#### INPUT DATA
⟨

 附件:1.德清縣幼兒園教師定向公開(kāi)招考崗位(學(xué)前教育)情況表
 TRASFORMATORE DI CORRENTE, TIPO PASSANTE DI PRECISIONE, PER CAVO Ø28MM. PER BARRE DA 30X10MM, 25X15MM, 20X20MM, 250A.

⟩
⟨

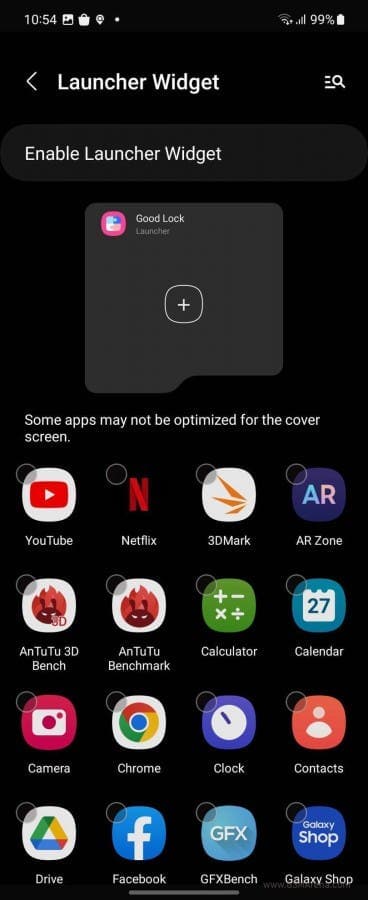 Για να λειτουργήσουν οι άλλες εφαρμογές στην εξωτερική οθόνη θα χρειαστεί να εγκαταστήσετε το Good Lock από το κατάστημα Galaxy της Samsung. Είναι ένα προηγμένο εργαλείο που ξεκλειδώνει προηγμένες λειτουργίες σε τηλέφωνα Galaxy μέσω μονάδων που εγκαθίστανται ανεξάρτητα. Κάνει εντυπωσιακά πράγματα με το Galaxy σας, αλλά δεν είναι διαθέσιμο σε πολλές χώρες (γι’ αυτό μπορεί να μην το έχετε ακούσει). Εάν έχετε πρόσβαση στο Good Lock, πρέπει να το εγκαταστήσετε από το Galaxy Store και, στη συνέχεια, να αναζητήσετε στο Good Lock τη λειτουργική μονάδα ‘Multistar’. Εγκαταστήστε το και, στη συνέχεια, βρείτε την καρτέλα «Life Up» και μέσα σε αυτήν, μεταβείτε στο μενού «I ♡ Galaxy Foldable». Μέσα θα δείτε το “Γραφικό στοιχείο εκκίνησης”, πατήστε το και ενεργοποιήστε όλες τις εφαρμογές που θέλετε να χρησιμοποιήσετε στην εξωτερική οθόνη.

⟩

#### YOUR INSTRUCTIONS
With the first line being the one containing "附件:1.德清縣幼兒園教師定" and the last line the one containing "TRASFORMATORE DI CORRENTE, TIPO", transcribe exactly the lines above that fall in that range.

#### RESPONSE BOX
 附件:1.德清縣幼兒園教師定向公開(kāi)招考崗位(學(xué)前教育)情況表
 TRASFORMATORE DI CORRENTE, TIPO PASSANTE DI PRECISIONE, PER CAVO Ø28MM. PER BARRE DA 30X10MM, 25X15MM, 20X20MM, 250A.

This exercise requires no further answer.